- Все напрасно, - грустно прожужжала Ахумдус. - Тут и я не могу помочь.
И в эту секунду откуда ни возьмись показался Ворон. Он подлетел к Принцессе и сказал человеческим голосом:
- Ведь ты так любила Юношу, пока тебя не заколдовал Турропуто. Вспомни, вспомни это. Люби его, и тогда...
Ворон не договорил.
Принцесса повернулась к Юноше и поцеловала его.
Страдальческая гримаса на лице Юноши исчезла, и каким же чудесным светом озарилось оно. И как засияло лицо Принцессы, теперь, когда любовь снова согрела ее сердце. Кончилось заклятье Колдуна!
Так вот что было скрыто в словах "Люби его, и тогда..."
Я бы мог написать, что после была свадьба и, как говорится в сказках, "и я там был, мед, пиво пил, по усам текло, да в рот не попало".
Но я описываю только то, что видел сам; пусть другие придумывают всякую всячину. Не был я на этой свадьбе, должно быть, чудесной и веселой, но не для меня. Последний бой с Турропуто.
- Сдается мне, что здесь отлично справятся без нас, - прожужжала Ахумдус. - К часам... Что-то они скрипят и скрипят...
Мы поспели вовремя. Магистр с ключом в руке карабкался по обледенелой лестнице. И Турропуто был тут. К счастью, он еще не оправился от удара льдиной и действовал не слишком уверенно. Изловчившись, Колдун схватил Магистра за ногу. "Тжарч-Тжарч-Тжарч", - оглушительно и противно скрипели часы.
Обратно в чужие, глухие века Слепые, немые
Где солнце не светит и ночь глубока, Где правда распята и царствует ложь, Где правит законы кровавые нож. И сказку на плаху выводит палач. Слепые, немые века. Тжарч-Тжарч Тжарч...
Холод был прямо-таки невыносимый.
- У-у-у-у! Заморожу! - вопил Турропуто. - Превращу в сосульку!
- В бой, - отчаянно зажужжала Ахумдус. Я с размаху вонзил матушкин волшебный ножик в красный нос Колдуна.
- У-у-умираю!
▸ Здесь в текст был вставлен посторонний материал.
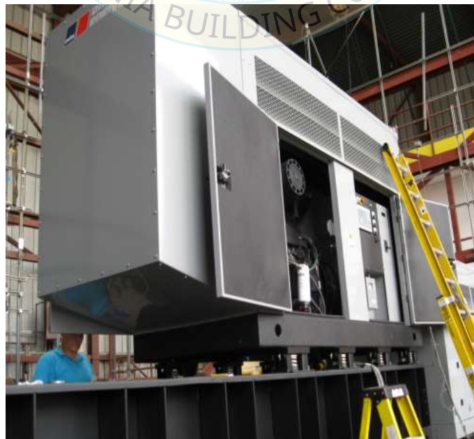
All units were filled with contents and maintained structural integrity and functionality after AC-156 test.

UUT-6A was isolated using (8) VMC MSSH-1E spring isolators. The isolators were connected to the equipment using (1) 3/4" Grade 8 bolt each, and were connected to the tank using (4) 5/8" diameter Grade 8 bolts per isolator. The tank was rigidly connected to the shake table using (20) 5/8" Grade 8 bolts.

Гибнет великий Турропуто, - завопил Колдун.
Он обеими руками схватился за лицо и, конечно, выпустил ногу Магистра, который стал быстро подниматься к часам.
Колдун сразу опомнился, но Магистр вытащил из кармана здоровенную звезду первой величины и так ловко швырнул ее в лоб Колдуну, что тот, снова взвыв от боли, скатился с лестницы.
Теперь, наконец, Магистру удалось завести часы.
"Донн-донн-донн", - зазвенели они.
Тьма рассеялась, и все залил ласковый лунный свет.
Донн-донн-донн
Это песня о том, что,
Если любишь, сбудется,
А горькое горе забудется,
пели часы, как поют все часы на свете.
Им, часам, должно быть, кажется, что в этой песенке самая главная правда.
А если песенка не сбывается? Бывает ведь и так?!
- Если она не сбывается, часы не виноваты, мой мальчик, - сказал мне потом Учитель. - Это правдивая песня, и, чтобы она сбылась, надо только очень крепко любить. И бороться за свою любовь против всех колдунов. И страдать, и ждать, если так суждено. И быть честным, даже если тебе грозит гибель.